What is the difference between deep learning and neural networks?

There is no difference. Deep learning networks are neural networks, just with more complex architectures than were possible to train in the 1990s. For example, long short-term memory (LSTM) units in recurrent neural networks (RNNs) were introduced in 1997 by Hochreiter and Schmidhuber but never found extensive adoption because of the long computational times and high computational resources that were required. Multilayer perceptrons with more than one hidden layer have also been around for a long time, and their benefits were clear. The main difference is that modern computational resources have made their implementation feasible. 

Is deep learning mainly about faster and more powerful computational resources?

In general, faster and more powerful computational resources have allowed for the implementation and experimentation of more powerful and more promising neural architectures. It is clear that spending days in network training cannot rival the few minutes spent in training the same network with the help of GPU acceleration.

What was the breakthrough project that triggered the deep learning popularity?

The big breakthrough was in 2012 when the deep learning-based AlexNet network won the ImageNet challenge with an unprecedented margin. The top-five error rate of AlexNet was 15 percent, while the next best competitor ended up with 26 percent.
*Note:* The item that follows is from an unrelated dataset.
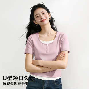 假两件上衣小个子小众高级感体恤PC 2026新款 雪中飞短袖 t恤女夏季

This victory kicked off a surge in deep learning networks, and the best models nowadays attain error rates below the 3 percent mark.

That’s particularly impressive if you consider that the human error rate is around 5 percent.

What makes deep learning so powerful?

In a word, flexibility. On the one hand, neural networks are universal function approximators, which is smart talk for saying that you can approximate almost anything using a neural network—if you make it complex enough. On the other hand, you can use the trained weights of a network to initialize the weights of another network that performs a similar task. This is called transfer learning, and you would be surprised how well it works, even for tasks that seem quite dissimilar at first glance.

What are the most widely used neural network paradigms?

There are four very successful and widely adopted deep learning paradigms: LSTM units in recurrent neural networks, convolutional layers in convolutional neural networks (CNNs), encoder-decoder structures, and generative adversarial networks (GANs).

RNNs are a family of neural networks used for processing sequential data, like text (e.g., a sequence of words or characters) or time series data. The idea is to apply a copy of the same network at each time step and connect the different copies via some state vectors. This allows the network to remember information from the past. Popular unit network structures in RNNs are gated recurrent units (GRUs) and LSTMs.

CNN layers are especially powerful for data with spatial dependencies like images. Instead of connecting every neuron to the new layer, a sliding window is used, which works like a filter.  Some convolutions may detect edges or corners, while others may detect cats, dogs or street signs inside an image.

Another often used neural network structure is the encoder-decoder network. A simple example is an autoencoder where a neural network with a bottleneck layer is trained to reconstruct the input to the output. A second application of encoder-decoder networks is neural machine translation where encoder-decoder structure is used in an RNN. The LSTM-based encoder extracts a dense representation of the content in the source language, and the LSTM-based decoder generates the output sequence in the target language.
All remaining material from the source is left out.